Records provided:
****

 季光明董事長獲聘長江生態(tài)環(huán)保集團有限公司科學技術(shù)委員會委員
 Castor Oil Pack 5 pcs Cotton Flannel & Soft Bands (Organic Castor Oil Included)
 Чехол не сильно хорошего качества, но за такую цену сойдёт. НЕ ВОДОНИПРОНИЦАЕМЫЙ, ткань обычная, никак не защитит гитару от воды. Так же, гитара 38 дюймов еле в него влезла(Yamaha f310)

****

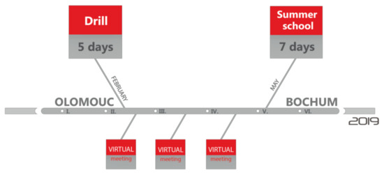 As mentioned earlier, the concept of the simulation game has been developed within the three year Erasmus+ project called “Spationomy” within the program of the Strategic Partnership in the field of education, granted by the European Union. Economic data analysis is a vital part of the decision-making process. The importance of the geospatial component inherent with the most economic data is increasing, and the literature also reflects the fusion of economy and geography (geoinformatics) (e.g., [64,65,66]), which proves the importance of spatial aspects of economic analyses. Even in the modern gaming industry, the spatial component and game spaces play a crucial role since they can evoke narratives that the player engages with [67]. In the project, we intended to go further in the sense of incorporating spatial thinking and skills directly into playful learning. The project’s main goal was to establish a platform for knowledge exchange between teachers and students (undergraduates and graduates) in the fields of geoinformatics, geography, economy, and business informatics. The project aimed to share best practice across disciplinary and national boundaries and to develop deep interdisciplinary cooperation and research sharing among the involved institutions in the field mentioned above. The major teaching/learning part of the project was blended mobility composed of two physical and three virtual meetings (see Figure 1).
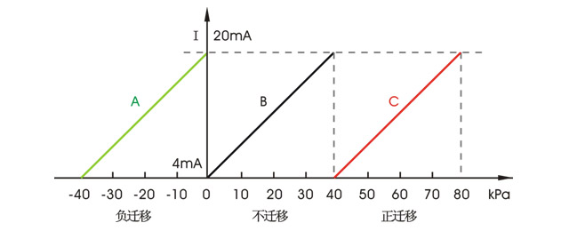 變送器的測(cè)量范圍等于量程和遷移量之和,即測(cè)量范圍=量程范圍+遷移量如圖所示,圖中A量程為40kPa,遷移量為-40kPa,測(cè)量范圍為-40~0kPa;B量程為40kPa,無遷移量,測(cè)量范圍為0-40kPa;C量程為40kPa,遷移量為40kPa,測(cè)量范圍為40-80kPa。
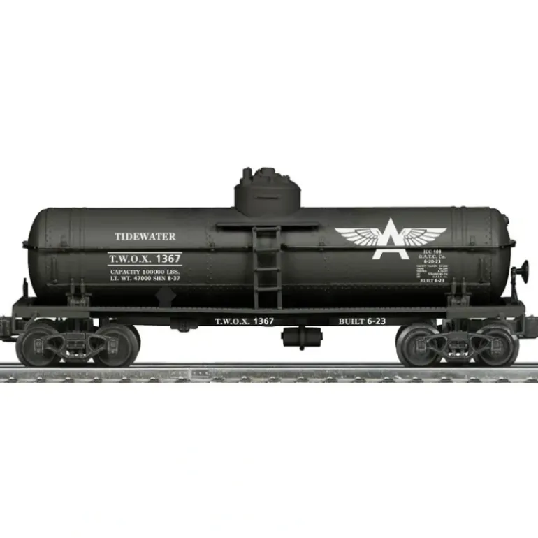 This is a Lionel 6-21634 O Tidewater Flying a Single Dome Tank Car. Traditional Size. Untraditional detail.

****

Copy out the lines above exactly, beginning at the one that contains "季光明董事長獲聘長江生態(t" and ending at the one that contains "Чехол не сильно".

Your response:
 季光明董事長獲聘長江生態(tài)環(huán)保集團有限公司科學技術(shù)委員會委員
 Castor Oil Pack 5 pcs Cotton Flannel & Soft Bands (Organic Castor Oil Included)
 Чехол не сильно хорошего качества, но за такую цену сойдёт. НЕ ВОДОНИПРОНИЦАЕМЫЙ, ткань обычная, никак не защитит гитару от воды. Так же, гитара 38 дюймов еле в него влезла(Yamaha f310)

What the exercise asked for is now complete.